Ambulance wait blamed on HQ switch
Thirty critically ill patients in Worcestershire were kept waiting for an ambulance to arrive for 28 minutes or longer during one three-week period alone last month, a campaigner claimed today.

Conservative spokesman Harriett Baldwin fears that the closure of the ambulance control centre at Bransford has delayed response times for ambulances in Worcestershire.

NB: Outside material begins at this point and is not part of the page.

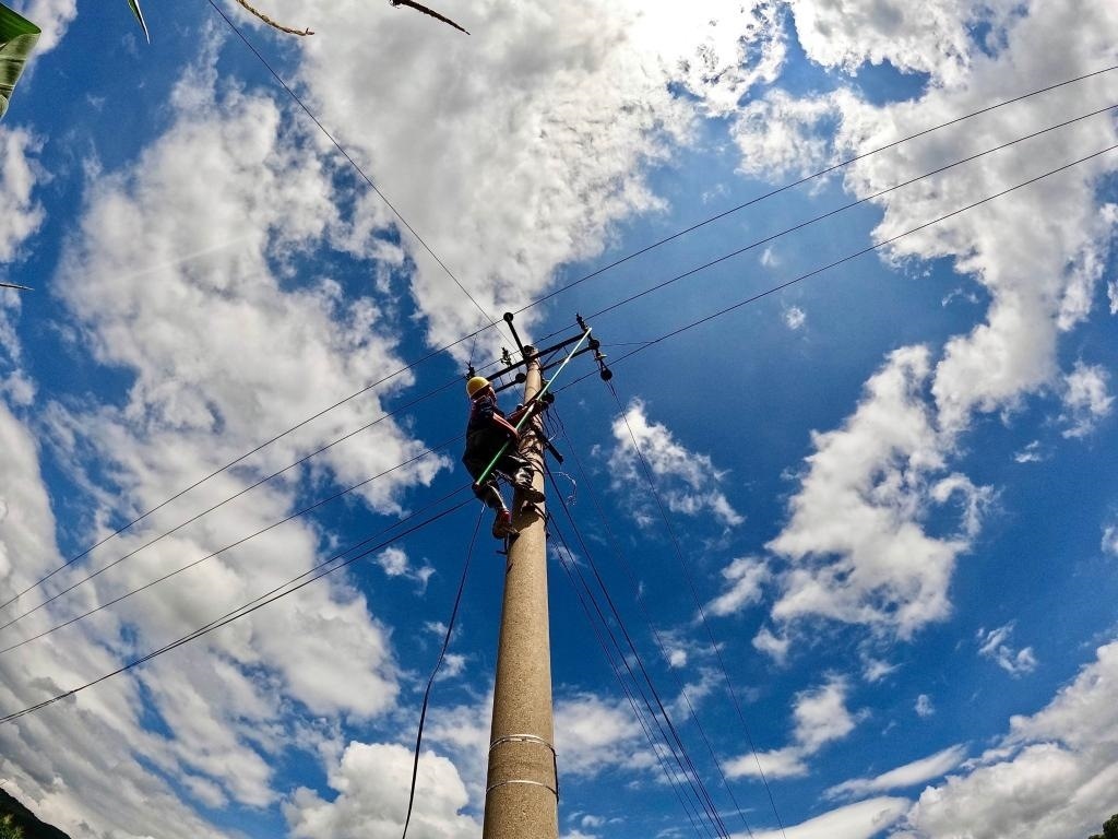 8月5日,電力搶修人員在進(jìn)行作業(yè)。(王潤澤 攝)

She expressed her concerns after a visit to the West Midlands Ambulance Service control room in Brierley Hill, which is now handling calls for Worcestershire.
Miss Baldwin said the ambulance service aimed to send a vehicle to 75 per cent of critical medical emergencies within eight minutes and to reach 95 per cent of such patients within 19 minutes.
But figures for December showed it took 23 minutes for an ambulance to respond to 95 per cent of Category A calls, and 2.5 per cent of critically ill patients were still awaiting ambulances at 28 minutes, she said.
The ambulance service blamed the rise in response times not meeting government targets on an increase in the number of emergency calls in December, and a slow turnaround in dealing with patients at Worcestershire Royal Hospital.
Miss Baldwin said: "The trust's charts actually stop at 28 minutes, so this performance is literally 'off the charts' it is so poor."